Qu’aurait été la fantasmagorie gay sans Tom of Finland, ses Kake en cuir et bottes, ses mecs aux bites extravagantes moulées dans des uniformes (de policiers, de marins, de motards, de militaires…) ultra ajustés, ses hommes entre eux, libres et affranchis des tabous et des interdits d’un temps où être homosexuel était tout sauf une sinécure ? On ne se risquera pas à donner une réponse — on ne réécrit pas l’histoire —, mais il est à peu près certain qu’elle aurait été très différente, sans doute moins fétichiste, peut-être moins über virile. Quoi qu’il en soit, il est certain que, du fond de sa très puritaine Finlande, Tom (ou plutôt Touko Laaksonen, son véritable nom), a comme aucun autre avant lui su exprimer à travers ses dessins un imaginaire érotique homo aussi puissant qu’ universel.
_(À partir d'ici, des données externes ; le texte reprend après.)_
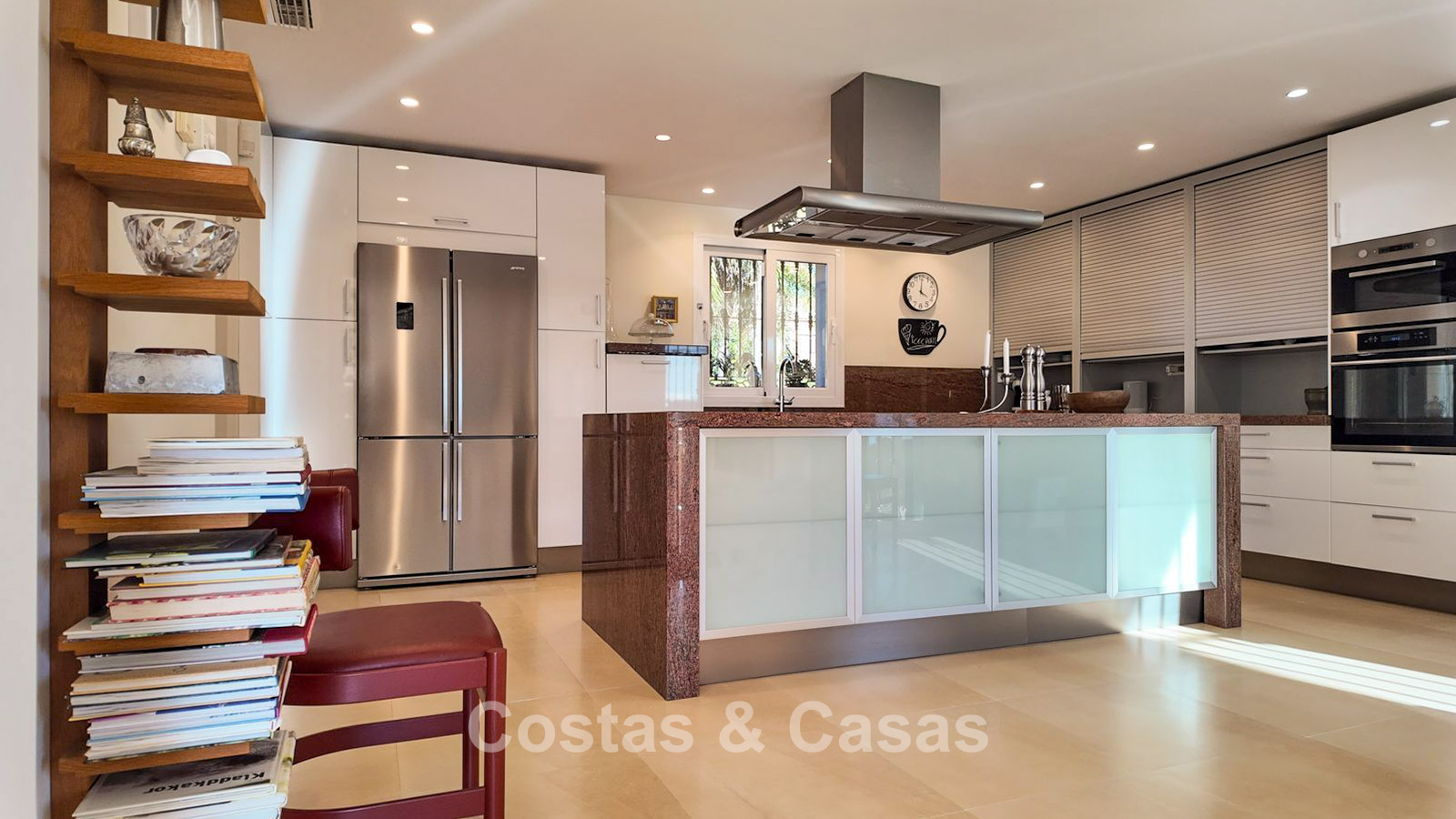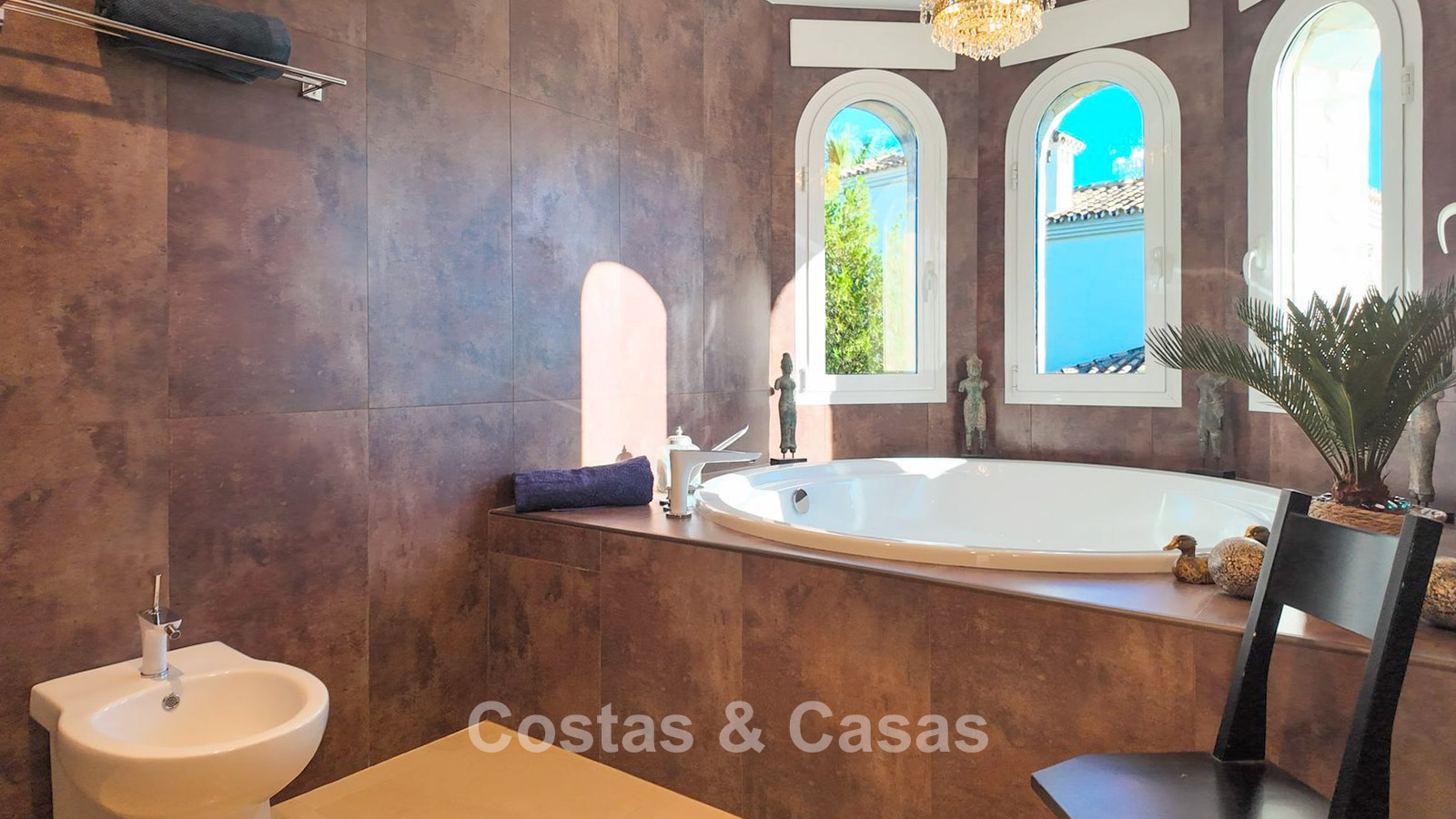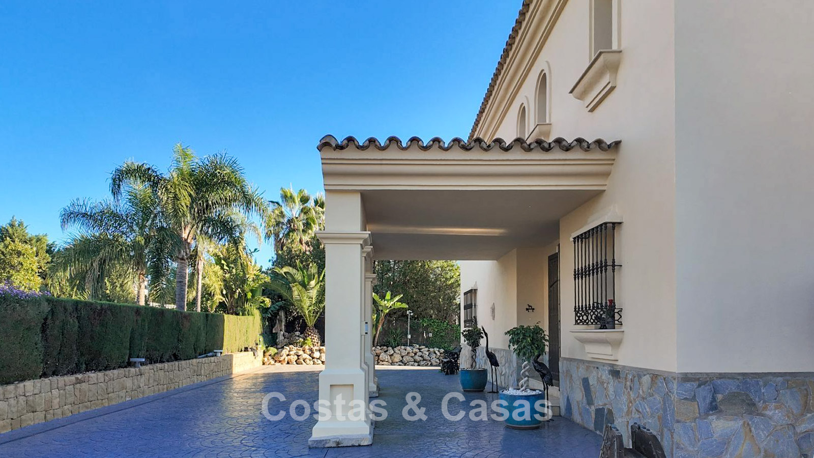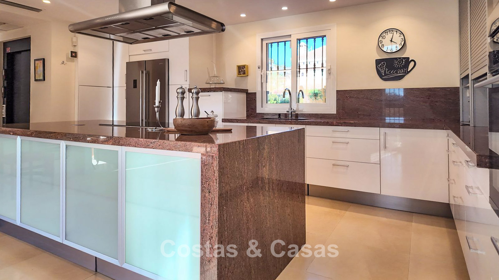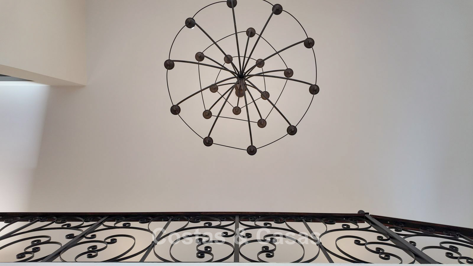 Cette luxueuse villa de style andalou classique respire le charme espagnol. Vous entrez dans le terrain par un double portail électrique et remontez l'allée jusqu'à l'entrée principale de la maison. Les hautes fenêtres coulissantes offrent beaucoup de lumière naturelle. Espace de vie spacieux et ouvert. La cuisine dispose d'appareils électroménagers de qualité, d'un réfrigérateur américain, d'un îlot de cuisson central et d'un coin repas. 4 chambres, 5 salles de bain. La suite parentale de 42 m² est située à l'étage supérieur avec un dressing, une salle de bain attenante et une autre grande terrasse. A l’étage inférieur se trouve un logement d'amis séparé avec 2 chambres, une salle de bain, une kitchenette, un poêle à bois et une entrée privée. Plus loin à cet étage se trouve un espace de loisirs avec un bar bien approvisionné, un home cinéma et une salle de fitness. Buanderie avec lave-linge et sèche-linge. Sols en marbre. Garage intérieur pour 4 voitures. Parking supplémentaire pour au moins 6 voitures.
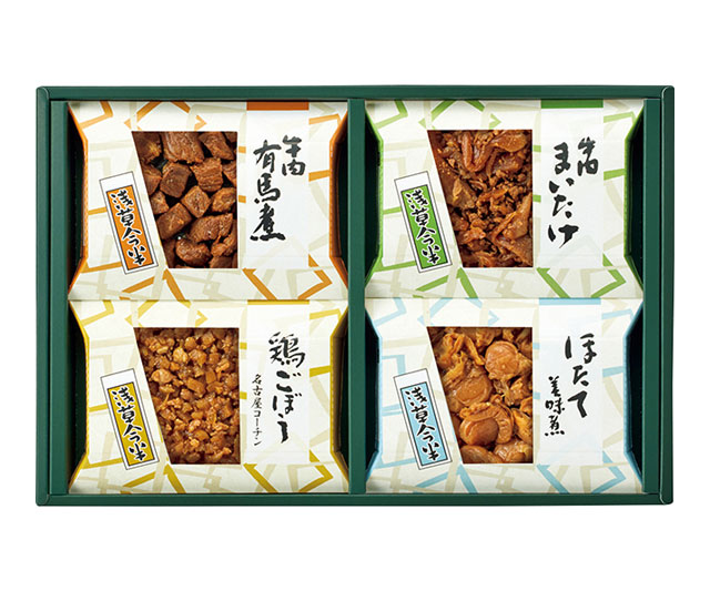 角切り牛肉を山椒で煮た「牛肉有馬煮」、繊維質豊かで上品な風味の「牛肉まいたけ」など、素材の味を活かした佃煮を詰め合わせました。

En un mot (pas innocent) : à lui donner corps !

Tout en étant une biographie, très fidèle, de Touko/Tom, c’est cela que raconte Tom of Finland, le film : une conquête du monde à partir de rien et de nulle part. Vont donc cheminer de conserve durant 2h, la vie de l’artiste des années 1940 aux années 1990 et celle de son œuvre, cette dernière semblant peu à peu échapper à son créateur et mener sa propre existence. Cette dissociation saute aux yeux dans la dernière partie du film, lorsque Tom quitte pour la première fois son pays natal où il est un inconnu dont l’univers graphique et érotique reste secret, pour les Etats-Unis. Il y découvre, avec stupéfaction, que ses modèles musclés et harnachés de cuir ont fait école et se sont incarnés, qu’ils l’accueillent comme une star, comme celui qui les a révélés à eux-mêmes.
Cette séquence agit comme un révélateur. Charnelle, sensuelle, éclatante de soleil et de masculinité triomphante et libre à l’instar des rêves de papier de Tom, elle apparaît comme le contrepoint, le contrepied de tout ce que le film a jusqu’alors montré de la vie de Touko dans un pays corseté, où ses aventures sexuelles se doivent d’être discrètes, où même son histoire d’amour avec un danseur doit se vivre dans la pénombre, où ses dessins faits dans la solitude sont des actes de révolte. Cette séquence dit le passage d’un monde à un autre, d’une époque à une autre, d’une homosexualité du placard à une homosexualité fière d’elle-même, et de ce basculement l’œuvre graphique de Tom of Finland est l’un des symboles majeurs.

Désormais reconnue à sa juste valeur bien au-delà des milieux gays, cette œuvre qui a marqué des générations d’homos à travers le monde ne cesse d’inspirer les artistes, de Freddie Mercury à Jean Paul Gaultier ou Pierre et Gilles. Et même sa Finlande natale si longtemps réticente et hostile aux gays (comme le montre le film durant lequel il est à plusieurs reprises en bute à l’homophobie d’Etat) a adopté Tom au point de lui dédier un timbre. Tom of Finland, le film, confirme ce statut d’icône nationale autant que communautaire, puisqu’il s’agit d’une grosse production de prestige. Cela n’en fait pas forcément un grand film ou un chef-d’œuvre. Cela en fait néanmoins un film important qui marque, à l’instar d’Imitation Game réhabilitant il y a quelques années la figure d’Alan Turing, un jalon dans la reconnaissance de notre histoire et de nos héros par le cinéma mainstream, et donc par la société et le grand public.

Tom of Finland, de Dome Karukoski, avec Pekka Strang, Lauri Tilkanen, Jessica Grabowsky, Jakob Oftebro… Sortie le 19 juillet.